Brigadier General Leanne van den Hoek (born 21 August 1958 in Rotterdam) is an officer of the Royal Netherlands Army. She is the first woman to hold a flag officer rank in the Dutch military. She is married, but has chosen not to have any children.

==Biography==
Van den Hoek originally wanted to be a police officer, which was her childhood dream. However, she was refused for training due to poor eyesight. She therefore applied to the military academy instead, where she passed military physical selection (just; in 1979 the Dutch military still used the same physical criteria for men as for women), despite being slightly short (1.65 meter). Van den Hoek enrolled in the Koninklijke Militaire Academie at Breda as an officer cadet in 1979.

After her graduation in 1983 she held several operational positions in the area of Military Logistics; these positions had her stationed both in the Netherlands and in Germany. Regarding her choice for military logistics rather than primary combat training, Van den Hoek stated that back in 1983 combat positions entailed "sitting around all day waiting for the Russians to invade", a possibility she had thought was unlikely to happen. She chose logistics since "an army must always eat – be it in peacetime or at war".

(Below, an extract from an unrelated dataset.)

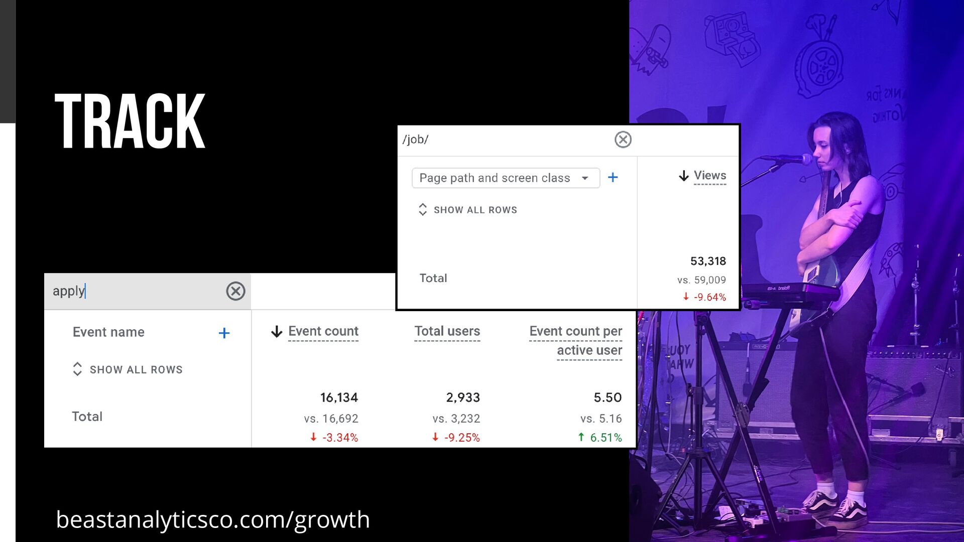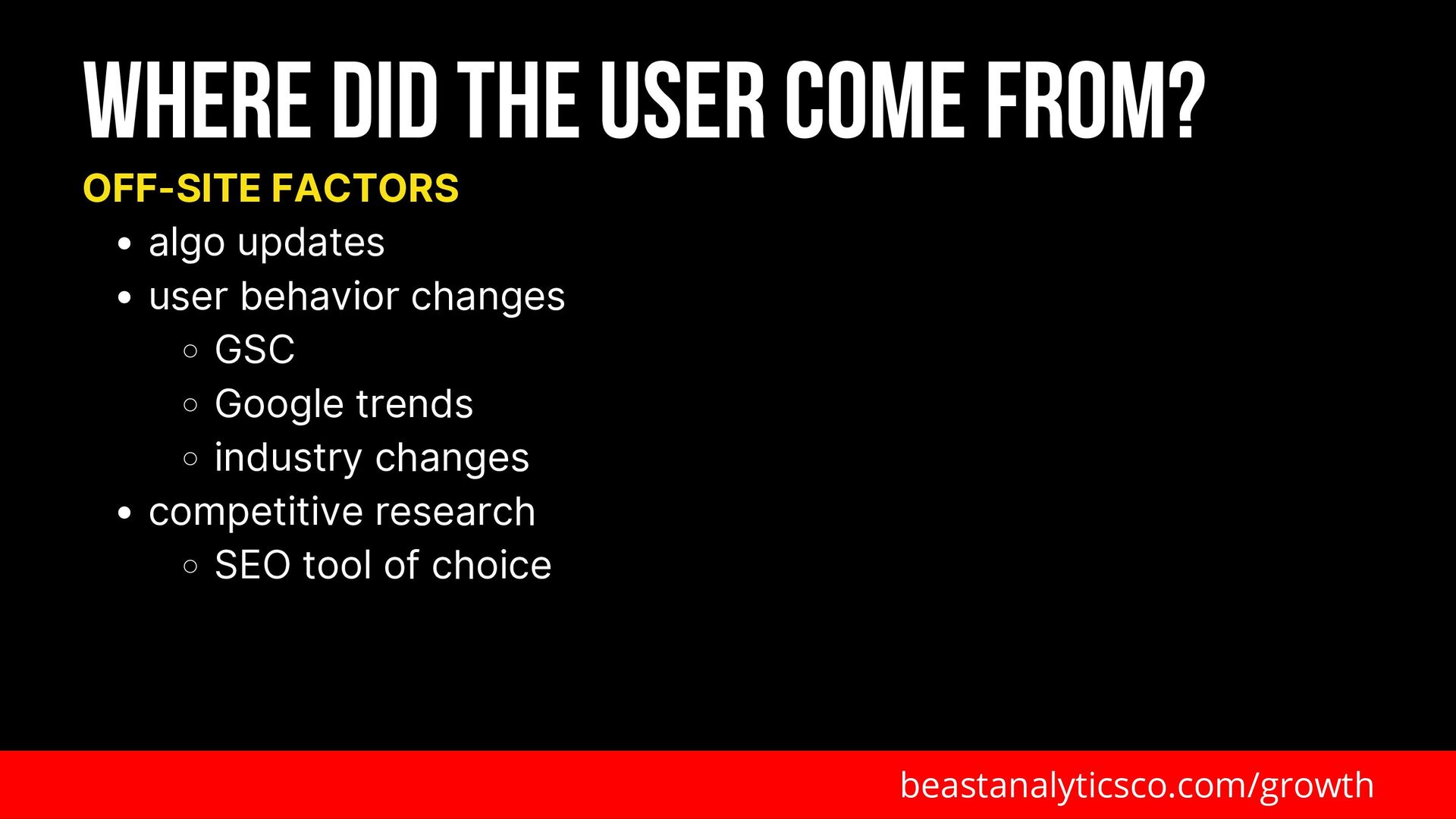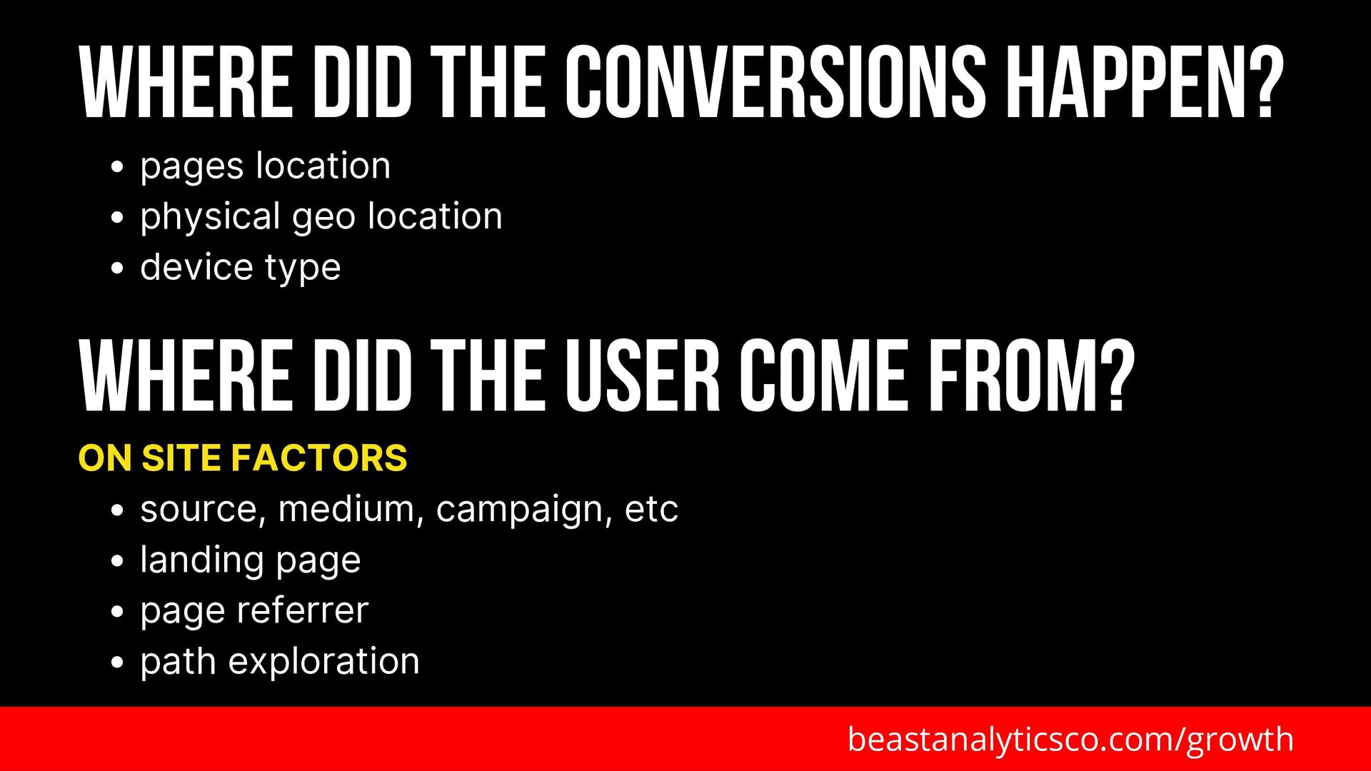 conversions happen? ON SITE FACTORS source, medium, campaign, etc landing page page referrer path exploration where did the user come from? beastanalyticsco.com/growth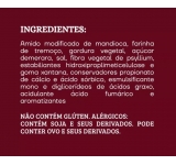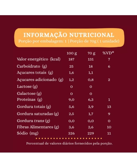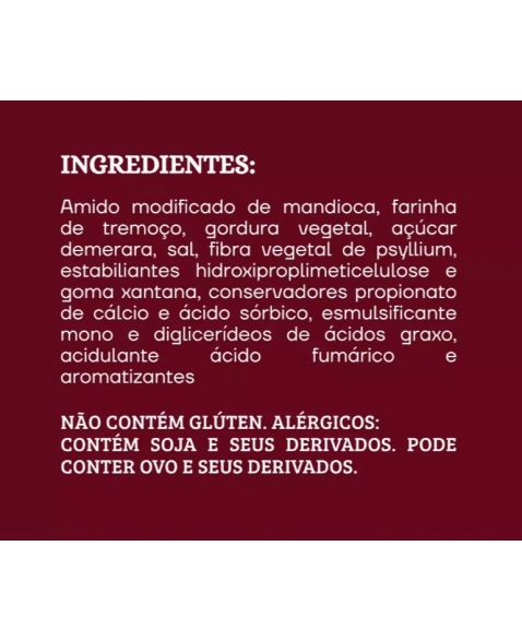 Ingredientes Amido modificado de mandioca, farinha de tremoço, gordura vegetal, açúcar demerara, sal, fibra vegetal de psyllium, estabilizantes hidroxipropilmetilcelulose e goma xantana, conservadores propionato de cálcio e ácido sórbico, emulsificante mono e diglicerídeos de ácidos graxos, acidulante ácido fumárico e aromatizantes.

She continued her military education in 1993, enrolling in the Hogere Militaire Vorming. Completing the training in 1994, she was assigned her first command position with the 41st Mechanized Brigade in Seedorf. She held this command until 1996, when she enrolled in the German Führungsakademie. Following this general staff training, she was assigned to the Army Staff in The Hague.

Van den Hoek set a first on 17 July 2001 when she became the first female battalion commander in the Royal Netherlands Army. She commanded the 200th Supply and Transport Battalion at Nunspeet and 't Harde. Promoted to colonel, she later became Director of the Defense Institute for Medical Screening and Selection.

On 1 November 2005 the Dutch State Secretary of Defence Cees van der Knaap promoted Van den Hoek to the rank of brigadier general. This made General Van den Hoek the first female flag officer of the Dutch military. She has been commanding officer of the Army Personnel Department since.

===Outside the military===
Van den Hoek is an enthusiastic athlete. Prior to 2000 she was an avid skydiver; she was part of the Dutch national team and participated in the precision skydiving world championships. She made a total of 1540 jumps before a karting accident in 2000 caused her a whiplash injury. This forced her to give up parachuting. She now plays golf instead.

===Anecdotes===
Upon being promoted battalion commander in 2001, Van den Hoek was interviewed on the radio. When asked whether she, as a woman in the military, was hampered by the glass ceiling, she got slightly irritated and responded "What's a glass ceiling?"